A Los Angeles Childhood - Q and A with Author Jeanne Simonoff Part III
Monday, 01 August 2011 16:24

8. Do you think your book will turn into a great film?

It’s a small, quiet book with great visuals. It could happen. Look at Little Miss Sunshine and Avalon. A dream world emerges on the screen. A story once flat becomes alive, three-dimensional. A screen-writer, a producer and director, with the help of a sensitive cast, brings such stories alive on the screen. I could envision all of this for SAVING MYSELF: A LOS ANGELES CHILDHOOD.

9. Are you looking for a producer or film agent now?

People who have read the memoir tell me the book comes alive for them. They see it as a film. I need someone as excited about it as I am. People inhabit words and phrases. We all imagine, especially those who used to listen to the radio. We “picture” characters. It’s the next evolutionary step. Yes, and anyone who sees or hears this interview, and is interested can contact me on my website, I look forward to opening a dialog with them.

10. How can your book help educators and students?

I will have study questions and modules with topics and issues for educators to discuss with their classes using the book as a guide, such as how to learn by example, how to deal with early childhood loss, how to silence the bully.

11. What is your next project?

I am working on a second memoir called JUST NOW: THE ALZHEIMER’S JOURNAL, about living with my family’s Alzheimer’s and dementia and relating it to the now because there is nowhere else for them to go. It will be a mosaic, with poems, a two-page play, and stories. The second project is a psychological thriller about a performance artist called CENTURY, another memoir forming called VENICE BEACH DAYS, about growing up and coming out in the late 50’s and early 60’s in Venice Beach, California, and lastly, a performance piece based on the Queens of France in Luxenbourg Gadens in Paris, France.

Thank you for reading Not Just A Jewish Book Blog.


A Los Angeles Childhood - Q and A with Author Jeanne Simonoff Part II
Saturday, 30 July 2011 10:13

5. I‘ve heard people say that your book is important for our times… Could you elaborate on that?

One Sunday morning this spring, there was a program on early childhood loss. It stated that it is something a person never recovers from. And the numbers are rising because of the wars in Afghanistan and Iraq. Children are calling each other names and causing physical and emotional harm in the name of differences and diversity instead of letting those diversities become something to enrich each other. My book can teach children to bear witness to the inequalities that they experience with racism and bigotry by helping each other understand loss, whether it be the death of a parent or the death of their identity because they are different. Workshops will be structured to help children learn to tell their own stories of loss and inequality and learn from each other’s experiences.

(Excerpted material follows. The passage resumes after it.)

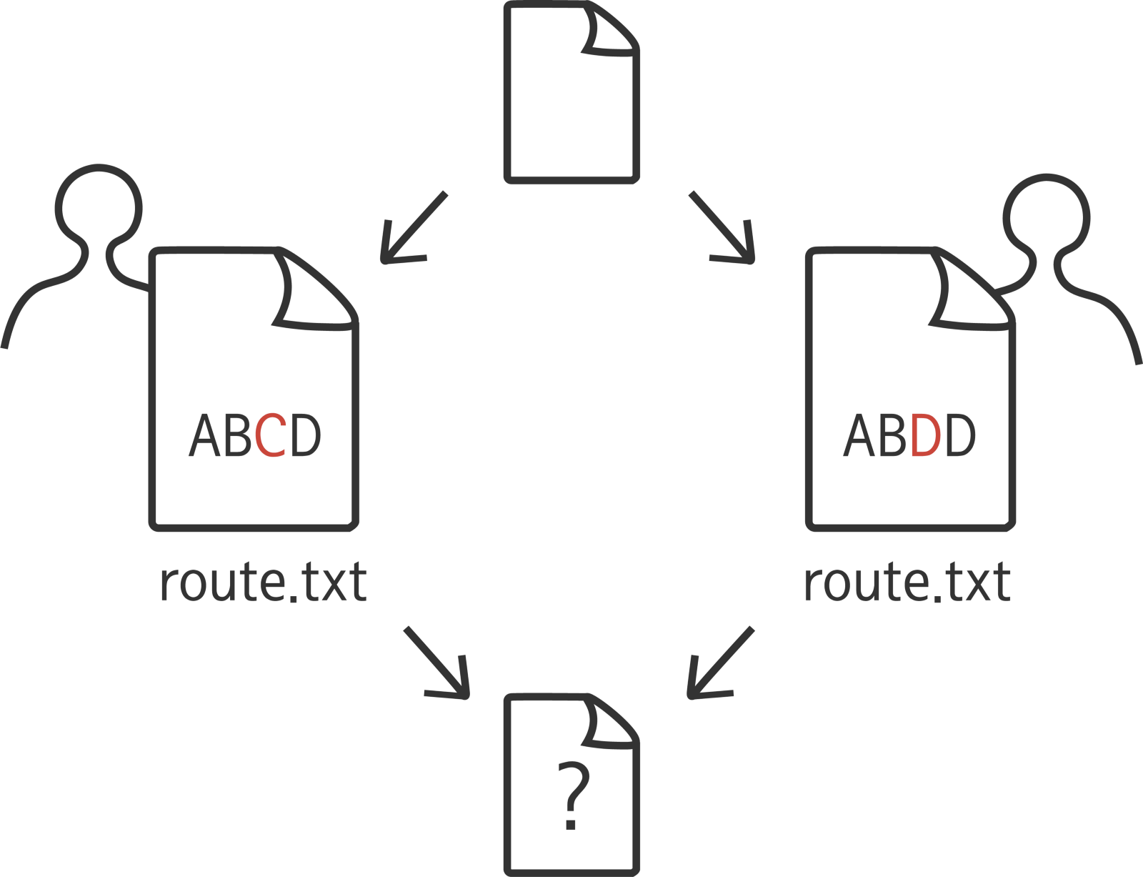 예를 들어 route.txt라는 파일을 두 사람이 각자 편집한 후 합치는 경우에 누군가가 편집한 내용이 누락되는 경우도 생기게 되죠.

6. How has this book saved you?

By writing the memoir, l learned that I did, in fact learn how to save myself. It has brought up to a conscious level that I did find ways to cope, ways to get away from the enemy, run faster, stand up and defend myself. I learned to be myself and be in the world, a world that is cruel and unjust, but a world in which a young child can survive and live to tell the story.

7. How did you remember all those details from 50 years ago?

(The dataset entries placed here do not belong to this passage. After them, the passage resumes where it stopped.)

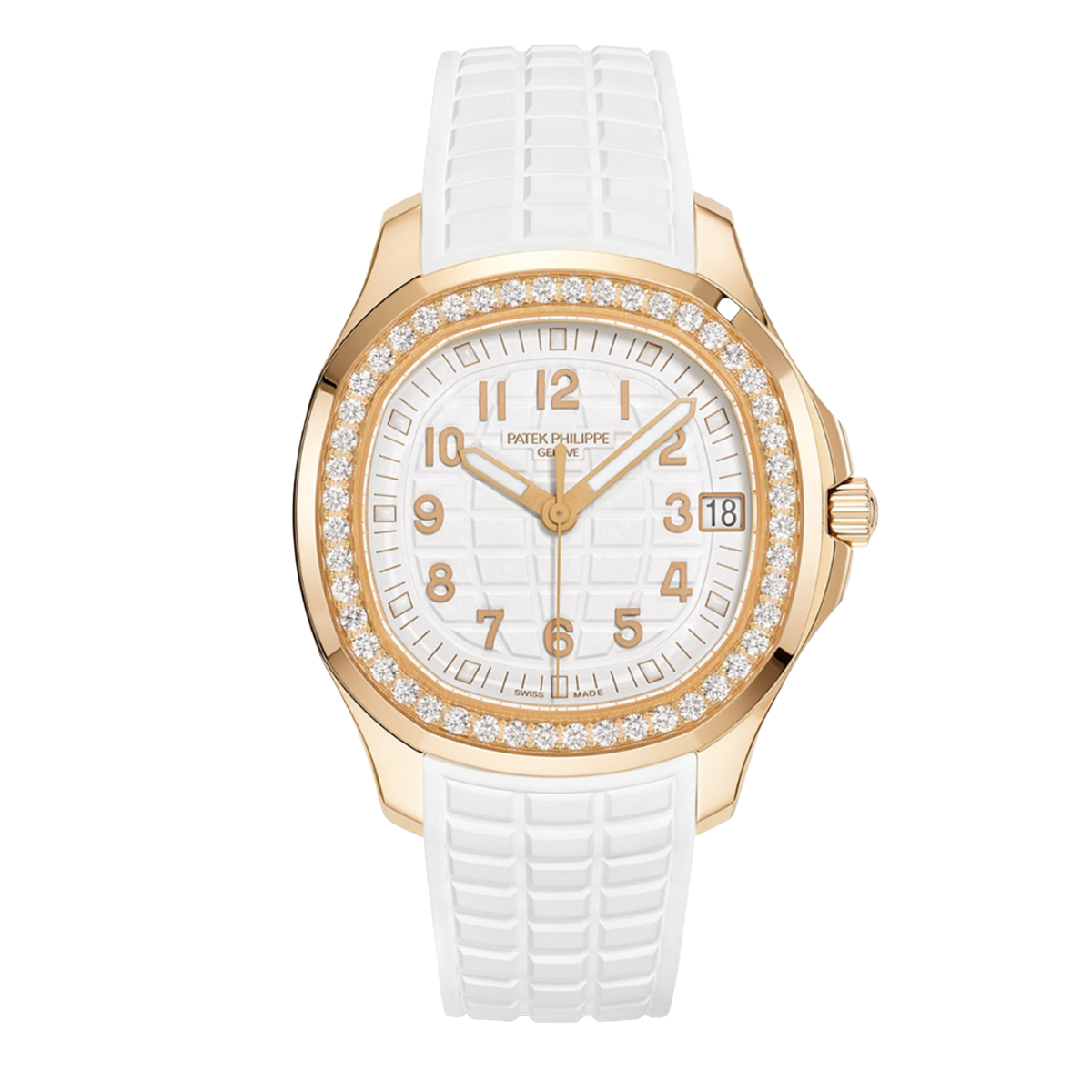 The 5268/200R-010 Luce with white dial on rose gold. Same 38.8 mm case and forty-six-diamond bezel as the taupe-dial variant, but the white dial inverts the colour hierarchy. The taupe version blends into the warm rose-gold surround; the white version creates contrast — bright face against warm frame. Applied rose-gold-tone Arabic numerals stand out clearly against the white chequerboard base. This is the highest-contrast rose-gold Luce configuration available. This replica Patek Philippe Aquanaut Luce is built in rose gold: case, diamond bezel, crown, clasp.
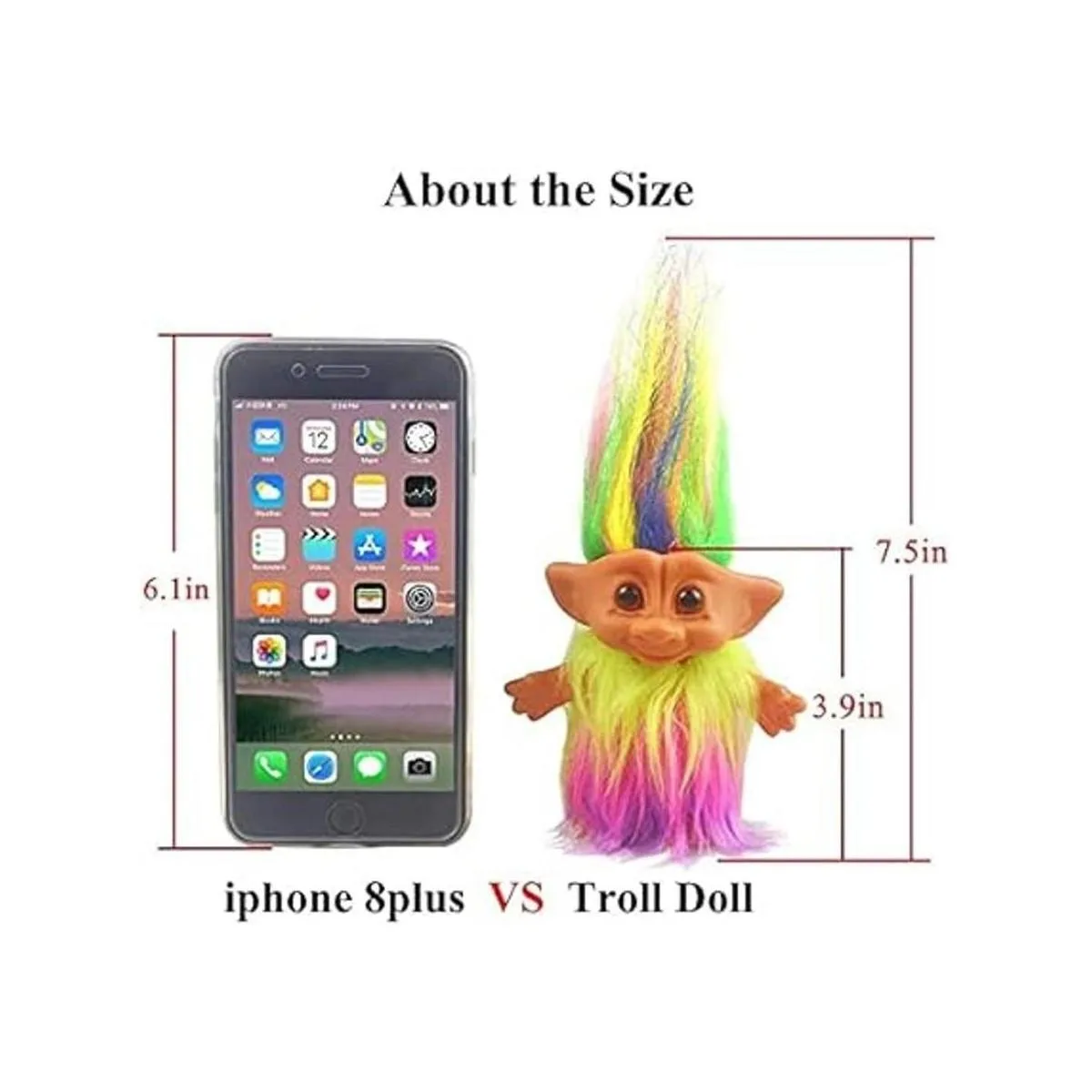 Lucky Troll Dolls, muñecas vintage Troll cromáticas adorables para colecciones, proyectos escolares, artes y manualidades, recuerdos de fiesta, vestido de 7.5 pulgadas de alto incluye la longitud del cabello
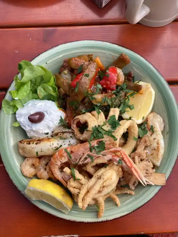 Fischteller Calamari, Baby-Calamari, Doradenfilet, Garnelenspieß Calamari, Baby-Calamari, Doradenfilet, Garnelenspieß
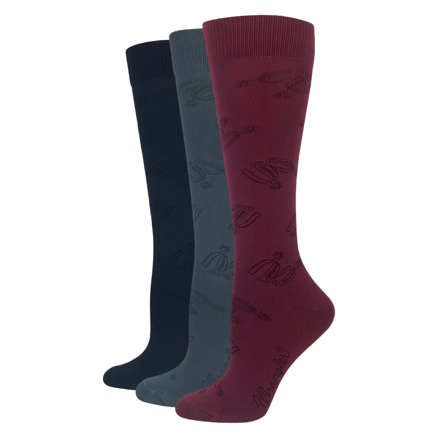 Be the first to review “Wrangler® Ladies 3-Pair Spur Strap Pattern Black/Grey/Burgundy Knee High Socks 00712-7000-MED” Cancel reply
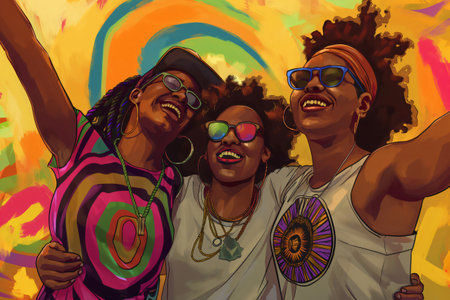 Three friends are celebrating Juneteenth, embracing and taking a selfie together with a colorful background

Mind categorizes and files itself away. A word, a phrase, a sound, a smell can release a long held memory. The sound of a fountain pen-- (I write with an old fashioned pen which I fill with ink, the old fashioned away, on unlined white journal/sketchbook paper), releases memory from bondage and frees it onto the page, one grain, one word at a time. It’s a magical process that I never would have believed existed if I hadn’t experienced it for myself. It’s a practice Natalie Goldberg calls writing practice and like any other practice, the more I did it, the better I got at bringing my childhood experiences forward.

Return to this page to find more answers to readers questions.

Thank you for reading Not-Just-a-Jewish-Book BLOG!

A Los Angeles Childhood - Q & A with Author Jeanne Simonoff Part I
Thursday, 28 July 2011 15:37

I have been asked many questions after I give readings and in discussing the memoir. I made a list of some of the questions people have presented. I've decided to post answers, both with Jan Marquart, and now here in the blog. Let me know if you have others that have not been answered. The questions and answers are mostly about process. Over the next three postings I will share these with you.

1.  Why did you write this book?

To reform and remember that part of my life pushed down and repressed from fear after the death of my birth mother; to bring my story out from the caves into the light to heal. There is much more, but that is the most succinct answer.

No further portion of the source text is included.